Еще Чаадаев писал, что русская жизнь слагается из мертвого застоя мысли. Тупая неподвижность бытия, где не на что опереться; пустая культура на заимствованиях и подражаниях; бесплотные религиозные призраки вместо уверенности в себе.

«Поколения и века протекли без пользы для нас, — пишет Чаадаев. — Глядя на нас, можно было бы сказать, что общий закон человечества отменен по отношению к нам. Одинокие в мире, мы ничего не дали миру, ничему не научили его; мы не внесли ни одной идеи в массу идей человеческих, ничем не содействовали прогрессу человеческого разума, и все, что нам досталось от этого прогресса, мы исказили».

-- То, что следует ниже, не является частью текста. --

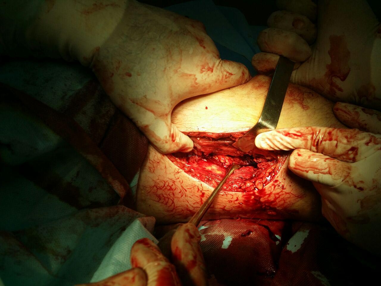 В экстренном порядке взяли на ревизию, и тут все началось - гнойные затеки по всему бедру, по всем костно-мышечным каналам бедра до в/3, книзу доходит до заднего отдела сустава.

«Мы растем, но не созреваем; движемся вперед, но по кривой линии, то есть по такой, которая не ведет к цели. Мы подобны тем детям, которых не приучили мыслить самостоятельно; в период зрелости у них не оказывается ничего своего; все их знание — в их внешнем быте, вся их душа — вне их. Именно таковы мы» (Чаадаев).

Жизнь со связанным религиозными догмами сознанием породила бессмысленное историческое прозябание. Официально Россия несла свой христианский крест, стояла за истину. Она шла в никуда, как под наркотиками, имея ориентиром несуществующее.

Христианский сон прервали большевики. Впервые за историю русской цивилизации они дали обществу идею, в которую не нужно было верить, которую можно было понять. И общество начало просыпаться и выстраиваться во что-то доселе невиданное.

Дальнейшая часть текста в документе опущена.